Write SQL for initiators and French DAU%
Company: Meta
Role: Data Scientist
Category: Data Manipulation (SQL/Python)
Difficulty: Medium
Interview Round: Technical Screen
You are given the following PostgreSQL tables. Assume all timestamps are UTC and "today" is 2025-09-01. For any reference to "last 7 days," use the inclusive window 2025-08-26 00:00:00 to 2025-09-01 23:59:59. For any reference to "yesterday," use the date 2025-08-31.
Schema:
- users(user_id bigint primary key, country text)
- sessions(event_date date, user_id bigint) -- one or more rows per user per day are possible
- calls(call_id bigint primary key, initiator_id bigint, started_at timestamp, is_group_call boolean)

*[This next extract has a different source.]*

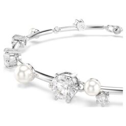 Brilla como las estrellas con esta deslumbrante pulsera Constella. Este diseño, inspirado en la maravilla del cielo nocturno, presenta una agrupación de Swarovski Zirconia y Swarovski Crystal Pearls de diferentes tamaños que parecen flotar entre las barras metálicas de la pieza. Su sencillo cierre de mosquetón se ajusta cómodamente a la muñeca. Combínala con otras piezas de la colección Constella para crear tu propia aura cósmica.

- call_participants(call_id bigint, user_id bigint) -- includes the initiator and all other participants
Small sample data:
users
+---------+---------+
| user_id | country |
+---------+---------+
| 1 | FR |
| 2 | FR |
| 3 | US |
| 4 | FR |
| 5 | IN |
sessions
+------------+---------+
| event_date | user_id |
+------------+---------+
| 2025-08-31 | 1 |
| 2025-08-31 | 2 |
| 2025-08-31 | 3 |
| 2025-09-01 | 1 |
| 2025-09-01 | 4 |
calls
+----------+--------------+---------------------+---------------+
| call_id | initiator_id | started_at | is_group_call |
+----------+--------------+---------------------+---------------+
| 10 | 1 | 2025-08-26 09:00:00 | false |
| 11 | 2 | 2025-08-31 21:00:00 | true |
| 12 | 3 | 2025-09-01 01:00:00 | false |
| 13 | 1 | 2025-08-20 12:00:00 | true |
| 14 | 4 | 2025-08-31 23:30:00 | true |
call_participants
+----------+---------+
| call_id | user_id |
+----------+---------+
| 10 | 1 |
| 10 | 3 |
| 11 | 2 |
| 11 | 4 |
| 11 | 5 |
| 12 | 3 |
| 12 | 1 |
| 14 | 2 |
| 14 | 4 |
Tasks:
Q1. Return the distinct users who initiated at least one video call (group or 1:1) in the last 7 days (2025-08-26 00:00:00 to 2025-09-01 23:59:59, inclusive). Output columns: user_id.
Q2. Compute the percentage of daily active users from France who were on a video call yesterday (2025-08-31). Denominator: distinct users with a sessions.event_date = '2025-08-31' and users.country = 'FR'. Numerator: among those French users, the distinct users who appear in call_participants for calls whose DATE(started_at) = '2025-08-31'. Output columns: ref_date (date), dau_france (int), on_call_france (int), pct_on_call_france (numeric, percentage rounded to 2 decimals). Treat multiple sessions per user correctly (dedupe), and include users who both initiated and participated only once in the numerator. Write a single SQL script with CTEs that answers both Q1 and Q2, and clearly states any timezone/local-date assumptions.
Quick Answer: This question evaluates SQL proficiency for time-based event analysis, covering joins, deduplication, CTEs, date/time and timezone handling, and aggregated metric calculation such as DAU and participation rates.